Weigley died in Philadelphia on March 3, 2004 of a heart attack. He is survived by his wife of 40 years, Emma Seifrit Weigley, his son Jared, and his daughter Catherine.

Selected works

  • Quartermaster General of the Union Army: A Biography of M.C. Meigs. Columbia University Press, 1959.
  • Towards an American Army: Military Thought from Washington to Marshall (1962)
  • History of the United States Army (1967)
  • "The Partisan War: The South Carolina Campaign of 1780-1782. University of South Carolina Press, 1970.
  • The American Way of War: A History of United States Military Strategy and Policy, Macmillan Publishing, New York (1973)

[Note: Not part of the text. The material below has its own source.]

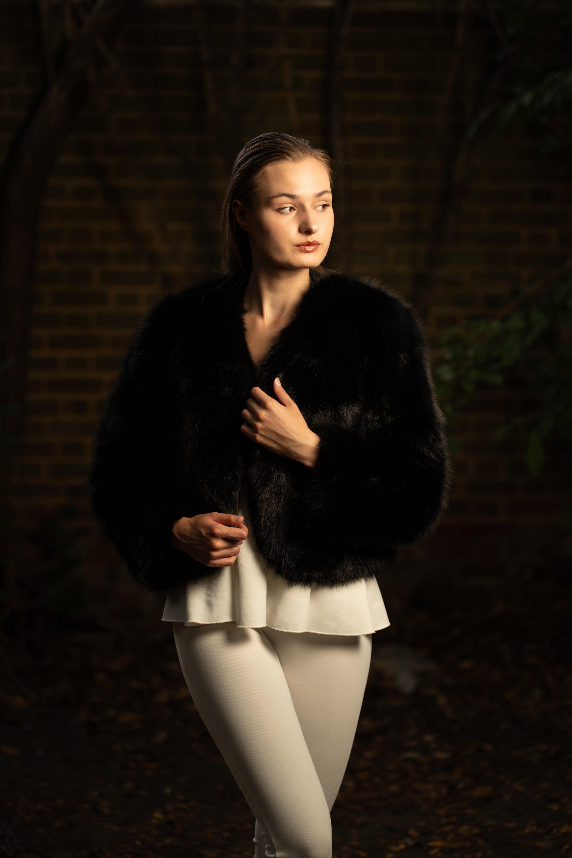 Faux Fur Winter Jacket in Black

  • New Dimensions in Military History: An Anthology Edited by Russell F. Weigley. San Rafael, CA: Presidio Press, (1975)
  • "American Strategy from its Beginnings through the First World War." In Peter Paret, Ed. with Gordon A. Craig and Felix Gilbert, Makers of Modern Strategy from Machiavelli to the Nuclear Ages. Princeton University Press, 1986.
  • Eisenhower's Lieutenants: The Campaign of France and Germany, 1944-1945 (1981)
  • "The Origin and Prevention of Major Wars." The Journal of Military History (January 1990) with Robert I. Rotberg and Theodore K. Rabb.
  • The Age of Battles: The Quest for Decisive Warfare from Breitenfeld to Waterloo (1991)
  • "The Chairman: John J. McCloy, the Making of the American Establishment." Political Science Quarterly (January 1992) with Kai Bird.
  • "The American Military and the Principle of Civilian Control From McClellan to Powell." The Journal of Military History (January 1993).
  • A Great Civil War: A Military and Political History, 1861 - 1865 (2000)
  • "Normandy and Falaise: A Critique of Allied Operational Planning in 1944,"In Michael E. Krause, R. Cody Phillips, Eds. Historical Perspectives of the Operational Art. Washington, D.C.: Center of Military History, United States Army, 2007, 393-414.